Sit down for this. Just sit down.

9 Comments »

  1. I’ve been present in meditation training sessions for children by Tich Naht Hahn and Sogal Rinpoche. The children listened and responded, raptly. The adults loved it, too! Yes, just sit down, do your practice, and your children will be affected.

    Comment by Janet Grace Riehl — June 23, 2007 @ 12:08 am

  2. In total agreement. I feel that the best gift I can give to my child is my own practice.

    Comment by Leah — June 23, 2007 @ 2:42 am

  3. Janet Grace, you are so right. Children (and all of us) are by nature pure awareness, until we cultivate in them the distracted habits of mind that we as adults are afflicted with. Thank you for visiting.

    Comment by Karen — June 23, 2007 @ 10:27 pm

  4. The simplicity of this wisdom is a wake up call for me. In the end, we teach our children by how we live our own lives. I need to be reminded of this again and again. Thank-you.

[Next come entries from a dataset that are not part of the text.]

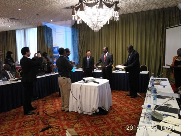 董國(guó)鋒處長(zhǎng)及肯尼亞商務(wù)部首席秘書(shū)Dr Chris Kiptoo共同頒發(fā)此次培訓(xùn)的結(jié)業(yè)證書(shū)
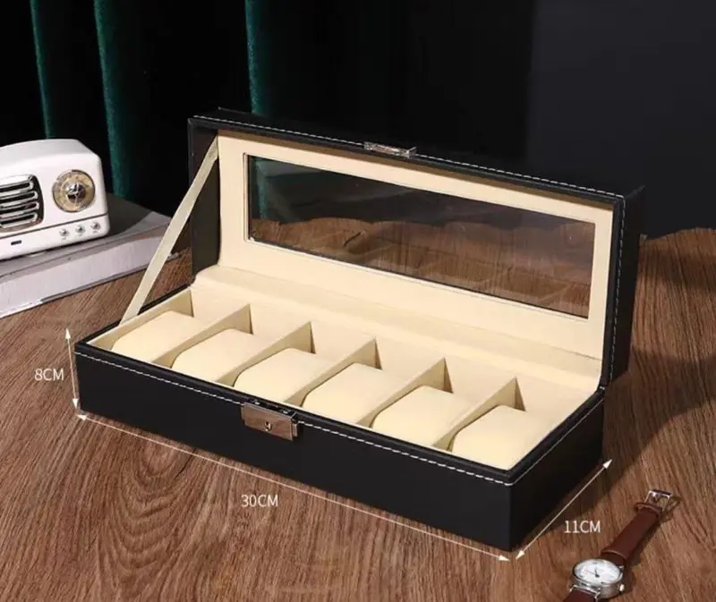 احمِ ساعاتك ومجوهراتك المفضلة من الخدوش والغبار مع هذا الصندوق المنظم الأنيق. صُمم الصندوق من جلد عالي الجودة، مما يمنحه مظهرًا فاخرًا ويضمن متانته. يحتوي الصندوق على أقسام مخصصة لترتيب الساعات، مما يحافظ على كل قطعة في مكانها ويمنع تشابكها. بالإضافة إلى استخدامه لتخزين الساعات، يمكن استغلال بعض الأقسام لتنظيم المجوهرات الأخرى مثل الأساور أو الخواتم. يتميز الصندوق بغطاء شفاف يسمح لكِ برؤية محتوياته دون الحاجة إلى فتحه، مما يسهل عليكِ اختيار ما ترتدينه.
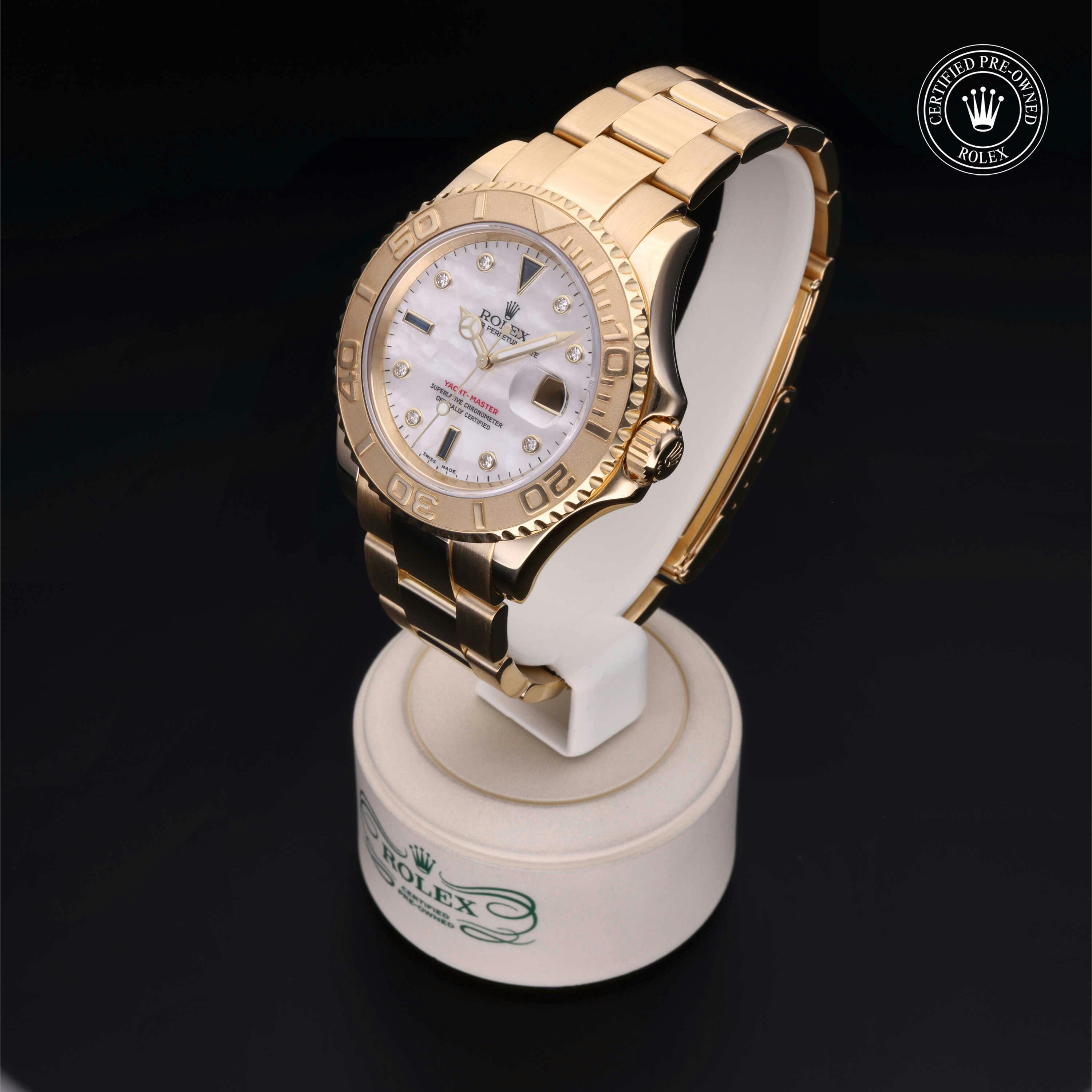 Rolex Certified Pre-Owned Yacht-Master (16628) self - winding automatic watch, features a 40mm 18k yellow gold case and rotating bezel surrounding a white, mother of pearl diamond and sapphire set dial on an 18k yellow gold oyster bracelet. Functions include hours, minutes, seconds and date. This watch has received Rolex-authorized service and certification. It does not come with the original box or papers, but includes a custom Rolex Certified Pre-Owned hang tag, travel pouch and RCPO international warranty card.
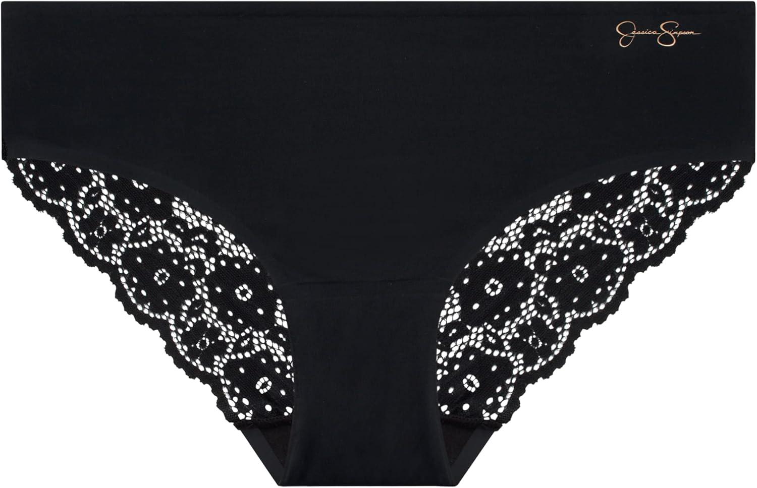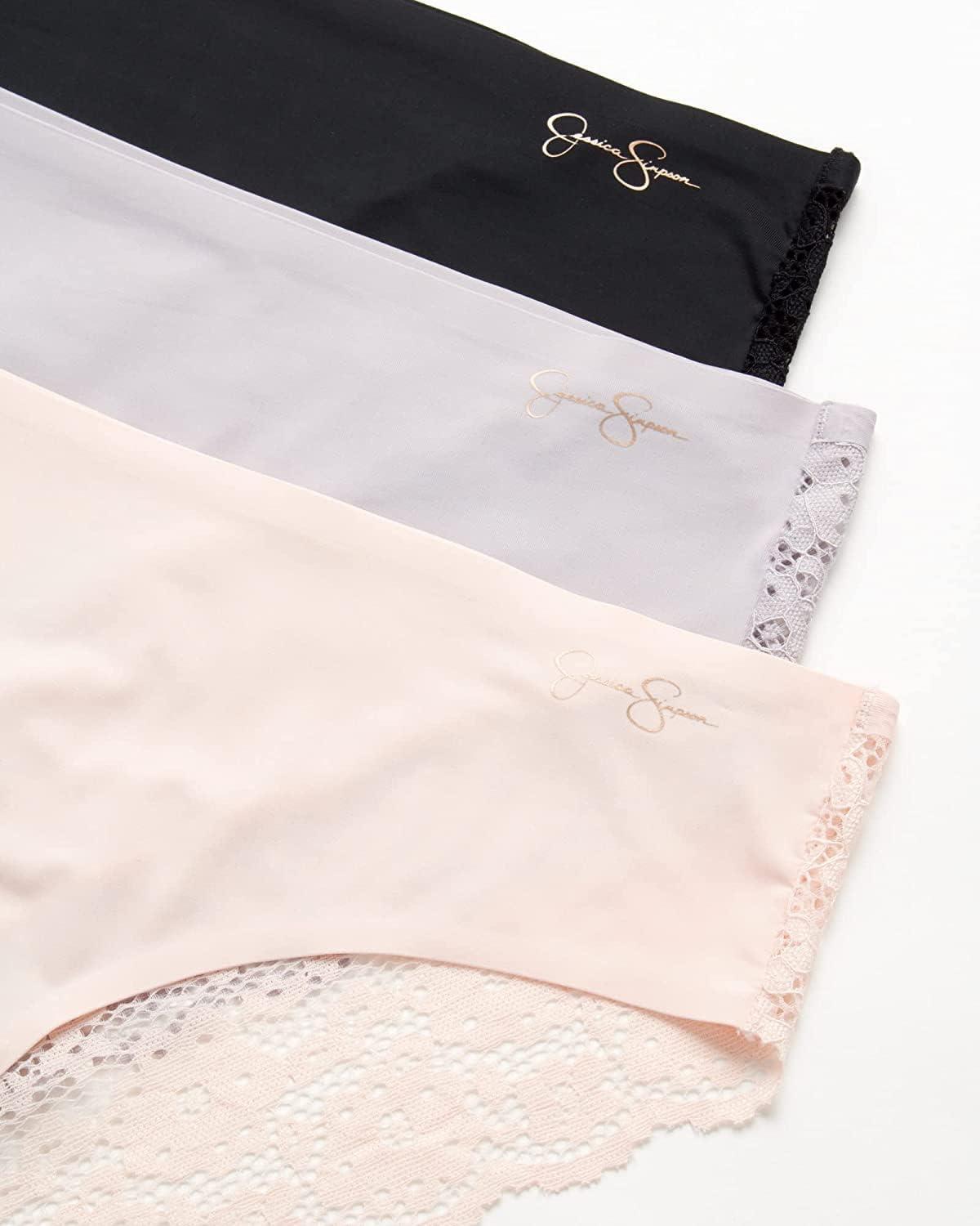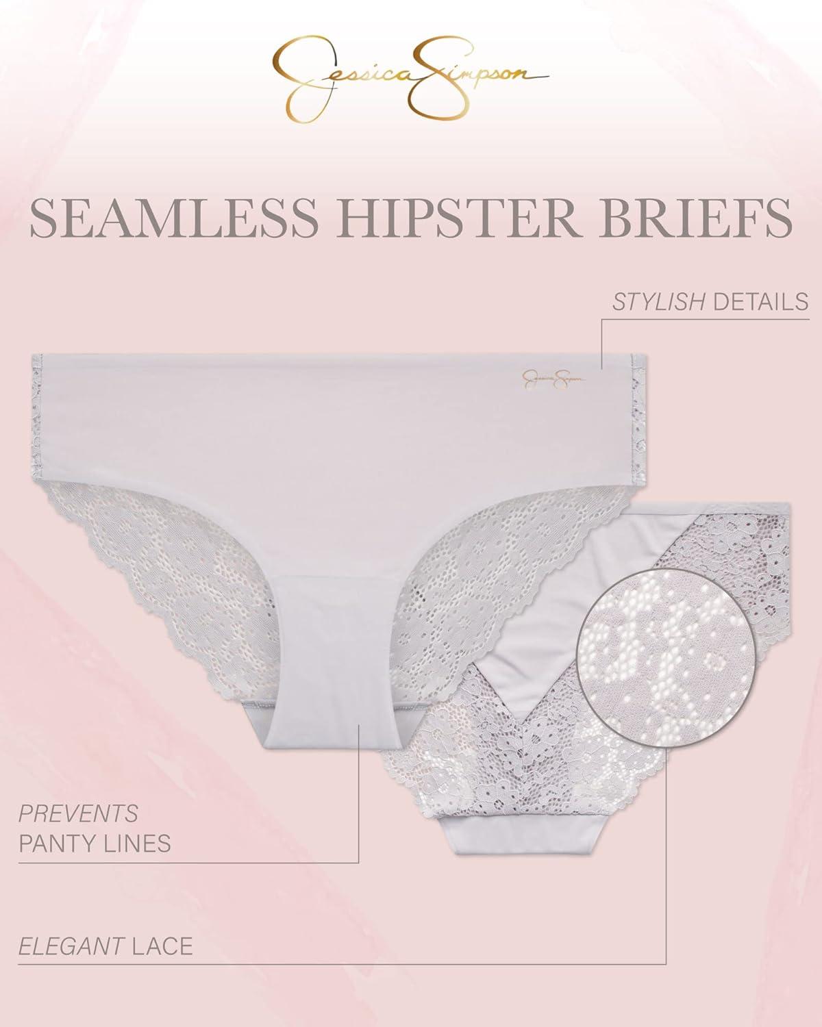 Jessica Simpson Seamless Underwear For Women, Lace Hipster Panties, Cute Breathable and Comfortable Multipack, Ropa Interior(Pearl/Black/Blush (3 Pack))
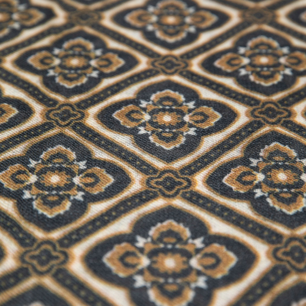 Le lavorazioni jacquard sono tecniche tessili complesse che permettono di creare tessuti con disegni intricati e multicolori. La tecnica consente di utilizzare una vasta gamma di colori e filati, tra cui seta, cotone e altri materiali pregiati, per creare tessuti di grande bellezza e qualità. In particolare, le lavorazioni jacquard indiane sono rinomate, perché avvengono ancora con il telaio manuale, mantenendo intatta la tradizione artigianale e l’autenticità del prodotto.
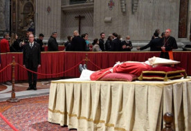 Miután Ferenc pápa meghinti szenteltvízzel és tömjénnel az emeritus pápa földi maradványait, latinul imádkozik:

    Comment by bella — June 24, 2007 @ 6:00 pm

  5. Karen, this is something I actually, honestly, have been curious about myself. I do sit in meditation, but I’m new to it, I don’t have much of a community yet, and this is not something I grew up with. Right now I sit when my children are asleep for the most part or when my husband is watching them and I need to recharge. They receive the indirect benefits but they have not, so far, been direct participants or observers.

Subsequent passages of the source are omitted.